And mine was sitting in front of me.
Fine, I figured. If I was to be the student, then I would be as good a student as I could be.
On the plane ride home that day, I made a small list on a yellow legal pad, issues and questions that we all grapple with, from happiness to aging to having children to death. Of course, there were a million self-help books on these subjects, and plenty of cable TV shows, and $9 per-hour consultation sessions. America had become a Persian bazaar of self-help.
But there still seemed to be no clear answers. Do you take care of others or take care of your “inner child”? Return to traditional values or reject tradition as useless? Seek success or seek simplicity? Just Say No or just Do It? All I knew was this: Morrie, my old professor, wasn’t in the self-help business. He was standing on the tracks, listening to death’s locomotive whistle, and he was very clear about the important things in life.
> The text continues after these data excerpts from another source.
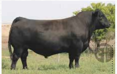
SIRE | ATTRACTIVE 4565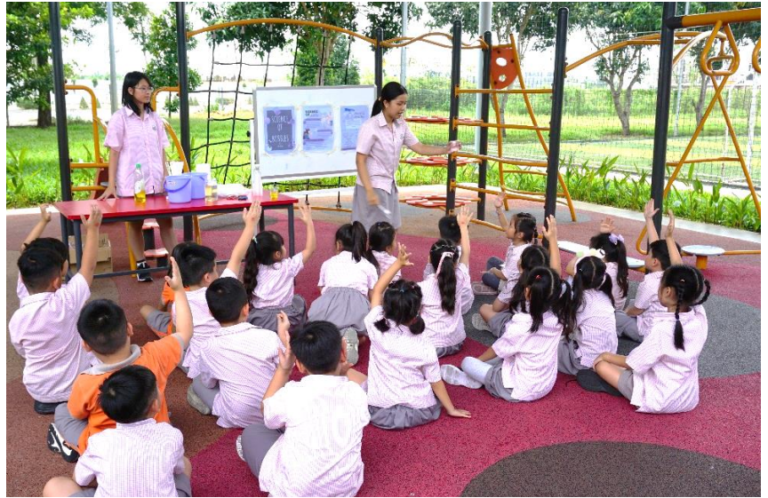
STEM Activity – Y1 students raise their hands in a student-led activity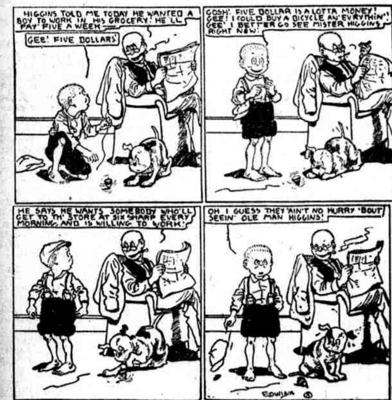
THE GOODNESS OF (SECOND) CHILDHOOD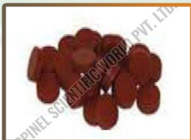
20mm HT Grade Gc Septa for Headspace Vials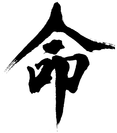
Ming Life (Destiny)

The placebo effect, spontaneous remissions and miracles provide rich food for thought regarding the “healer within” and the marvelous self-healing energies and resources that we may draw upon, cultivate and perhaps even create. In each of these areas healing occurs where no medical intervention has been utilized or where medical intervention has failed. By exploring the research on placebo, remission and miracles we gain two bits of wisdom.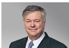
Michael S. Brown, M.D. (4, 6) Distinguished Chair, Biomedical Sciences, Regental Professor, University of Texas Southwestern Medical Center. Will retire as a Board Member effective as of the 2012 Annual Meeting.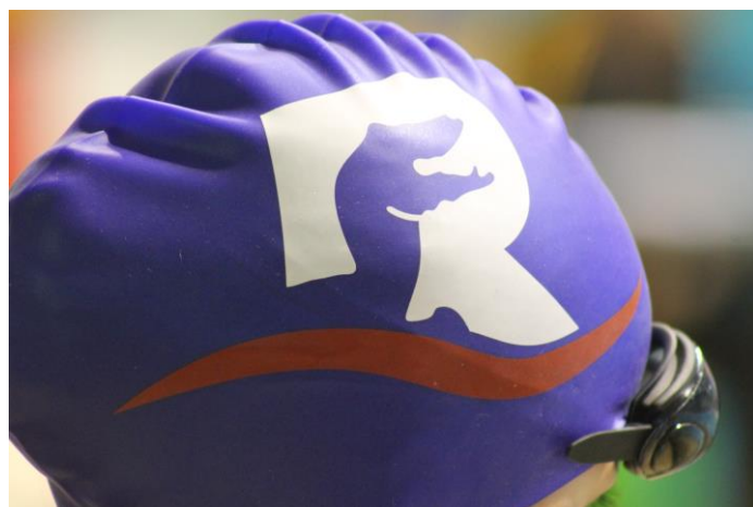
Raumati Swim Club Cap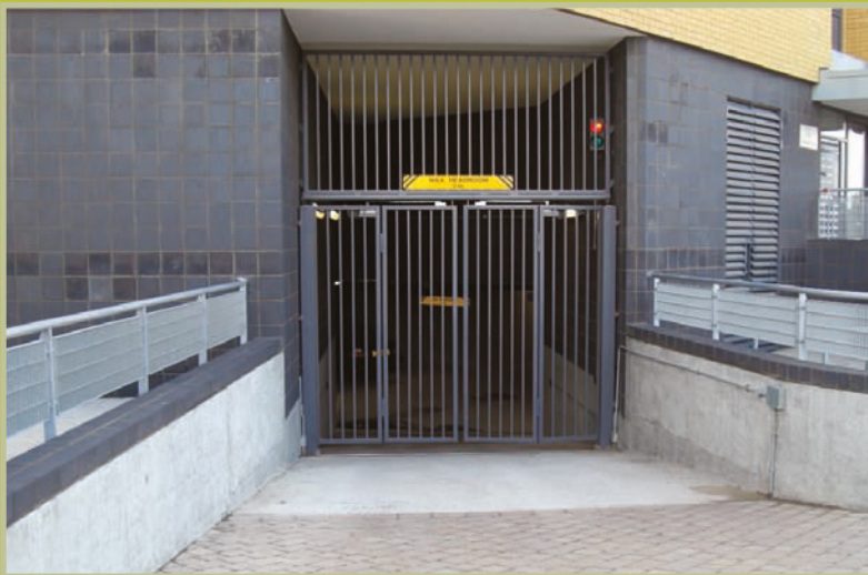
Bi-folding gates with traffic light system, access control and overpanel. 'Alleygate' design (a basic railing gate)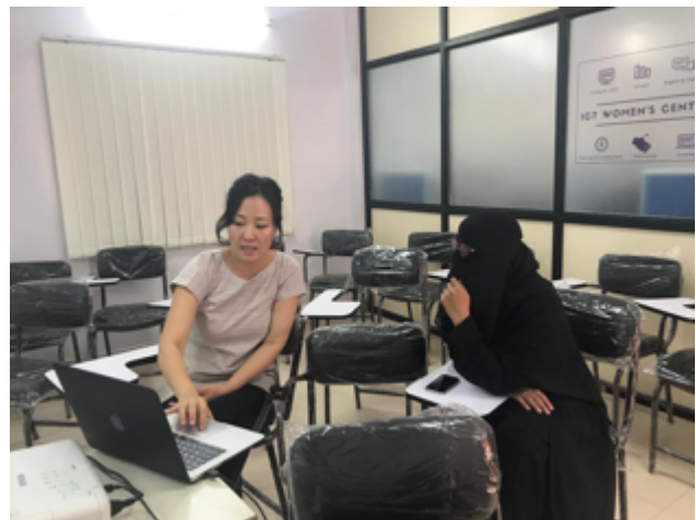
Training of ICT Center staff

Having learned that the baseline of the students was significantly lower than expected in computer usage, as well as a relatively short period to learn competencies (3 months), the program contents has been redefined to target key areas identified along with DC's Center visit and to match the realistic pace of the classes. The sample Week 1 curriculum content plan below reflects the latest draft reflecting the adjustment that needed to be made to accommodate time constraints, students' availability and competency levels.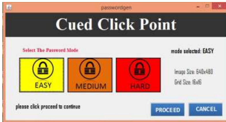
Fig.4. Mode selection

Figure Mode Selection: Select the levels which decide the size of viewport.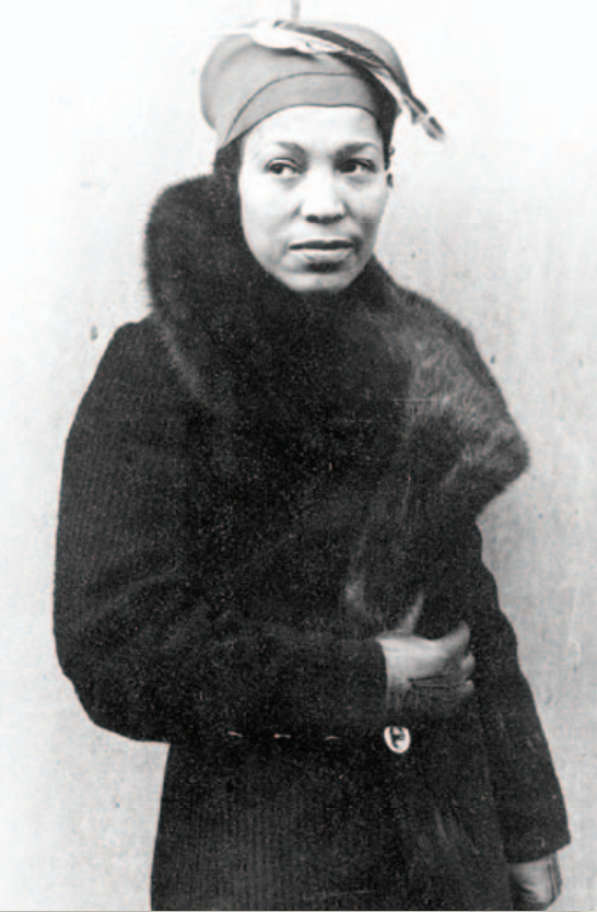
Photograph of Zora Neale Hurston by Carl Van Vechten, November 9, 1934.

I wanted that clarity. Every confused and tortured soul I knew wanted that clarity.
“Ask me anything,” Morrie always said.
So I wrote this list:
Death
Fear
Aging
Greed
Marriage
Family
Society
Forgiveness
A meaningful life
The list was in my bag when I returned to West Newton for the fourth time, a Tuesday in late August when the air-conditioning at the Logan Airport terminal was not working, and people fanned themselves and wiped sweat angrily from their foreheads, and every face I saw looked ready to kill somebody.
By the start of my senior year, I have taken so many sociology classes, I am only a few credits shy of a degree. Morrie suggests I try an honors thesis.
Me? I ask. What would I write about?
“What interests you?” he says.
We bat it back and forth, until we finally settle on, of all things, sports. I begin a year-long project on how football in America has become ritualistic, almost a religion, an opiate for the masses. I have no idea that this is training for my future career. I only know it gives me another once-a-week session with Morrie.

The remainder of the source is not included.